I'm sure you can do better.
(Please take the scribe duty very seriously.
If you can't make it, then please get your alternate
to take it for you.)
You will make oral presentations two or three times
during the semester.
For homeworks, you may work alone or with
at most one partner.
There will be quizzes (one or two questions per quiz) but no exams.
Your grade will depend in equal measure on class engagement,
quizzes, presentations, and homeworks.
Lateness policy: Late homeworks or project will not be accepted .
If you have a medical excuse, then I will simply not count that
homework and your grade will be the average over your other work.
I will spend some time reviewing the homeworks either the day
they are due or the following class.
So this is just a question of fairness.
Syllabus in Order
-
Week 1:
Mathematical sources of computation: how did a paradox spur the invention
of modern computation? This is the story of a failure
leading to the birth of an entirely new technology.
Topics:
Russell paradox (read for history/intuitive explanation)
whereas a personal but possibly imagined presentation is found here:
Russell paradox (math/logic),
Frege, Goedel, Turing,
undecidability of the halting problem,
relationship to the Entscheidungsproblem
and implications for general rewriting (Thue systems)
and for the logical architecture of computers (stored programs)
and viruses.
We may also look briefly at
Russell's theory of types
-
Dr. Ecco: Spies and Double Agents,
Spacecraft Malfunction
-
Weeks 2 and 3:
Linguistics and computation.
Syntax vs. semantics.
Chomsky's hierarchy of language descriptions.
Finite state automata, context-free languages, transformational grammars
The (mysterious) adoption of context-free grammars for computer languages.
Fortran and Lisp.
-
Story of John Backus
-
Student presentation: a chapter from Natural Computing
-
Assignment: create your own paradox.
-
Dr. Ecco: Wrong Number.
-
Weeks 4-7:
Computer Anatomy and Architecture.
Electrical properties of resistors and transistors.

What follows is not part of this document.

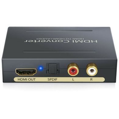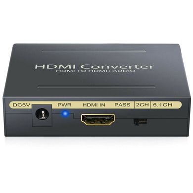 Konverter HDMI na HDMI + audio umožňuje rozdělit vstupní signál HDMI zvlášť na obrazová a zvuková data. Obrazová data jsou posílány dále díky HDMI výstupu a zvuková data jsou distribuovány pomocí dvou cinch konektorů, nebo optického výstupu. Konverter podporuje rozlišení fullHD 1080p@60Hz.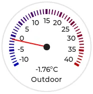 sensor: - platform: ... id: outdoor_temperature on_value: - lvgl.indicator.update: id: temperature_needle value: !lambda return x * 10; - lvgl.label.update: id: temperature_text text: format: "%.1f°C" args: [ 'x' ]lvgl: ... pages: - id: meter_page widgets: - meter: align: CENTER height: 180 width: 180 scales: - range_from: -100 # 指针值的刻度 range_to: 400 angle_range: 240 rotation: 150 indicators: - line: id: temperature_needle width: 2 color: 0xFF0000 r_mod: -4 - tick_style: start_value: -10 end_value: 40 color_start: 0x0000bd color_end: 0xbd0000 width: 1 - range_from: -10 # 值标签的刻度 range_to: 40 angle_range: 240 rotation: 150 ticks: width: 1 count: 51 length: 10 color: 0x000000 major: stride: 5 width: 2 length: 10 color: 0x404040 label_gap: 10 widgets: - label: id: temperature_text text: "-.-°C" align: CENTER y: 45 - label: text: "室外" align: CENTER y: 65下面是相同的传感器配置,但使用带有渐变背景的半圆仪表,由大量刻度线绘制:

Construction of inverters, NAND gates out of these components.
Boolean logic and algebra.
Here is an article about the
Sheffer stroke
Gates. Flip-flops. Clocked logic.
Memory, memory hierarchy.
Instructions and circuit implementation.
Program counter/Branching.
Basic operating system.
-
Reserve book reading (Warren Weaver Hall/Courant Library)
Computer Science Illuminated
relevant chapter on circuits.
Assignments: XOR, XOR with resisters/transistors etc.
-
Dr. Ecco:
Tower problem, Rocket Assembly,
Circuits checking Circuits, The Camper's Problem,
Code Invention
-
Weeks 8-10:
Programming Languages.
Load
A graduated series of examples to teach you the python language.

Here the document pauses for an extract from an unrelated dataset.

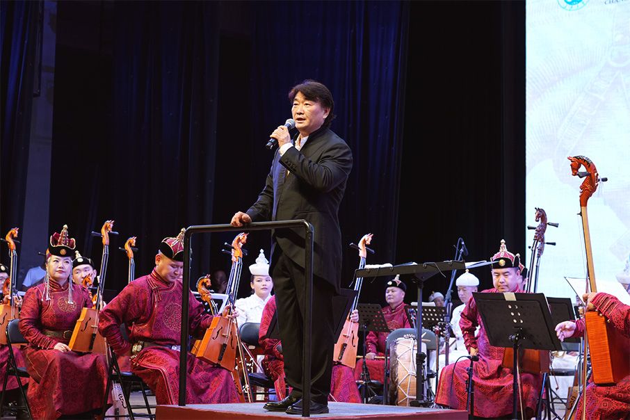 演出期间,指挥严松波向开云师生普及了传统音乐的基础知识。他分别介绍了马头琴和蒙古笛等乐器的特点,并指挥乐器进行独奏表演。随后,他指挥表演者展示“呼麦”技艺,引发全场的热烈掌声。通过深入浅出的讲解,现场观众在欣赏音乐的同时,能够更好地触摸到中华传统音乐文化的博大精深。

Problems will begin as exercises
then work up to game-playing (e.g. mastermind, connect4, sudoku, sudokill),
a simple operating system that fetches and displays files
from the web,
and some simple natural language processing.
-
Reserve book reading (Warren Weaver Hall/Courant Library)
Computer Science Illuminated
relevant chapter on programming languages.
-
Dr. Ecco:
Puzzle-Mad Kidnapper
-
Assignment: translation from English to German noun phrases
given the basic rules. Presentations on elaborations including
plurals, datives, new words and so on.
-
Project: the Eliza program in python/elementary operating system/something else
-
Weeks 11-13:
Algorithms.
Definition. Algorithm/program/process.
Graph theory (nodes, edges and what they could represent).
Shortest path, minimum spanning tree, min cut/max flow.
Methods of solution involving decision trees.
Searching. Binary search. Information theoretic "lower bound" arguments.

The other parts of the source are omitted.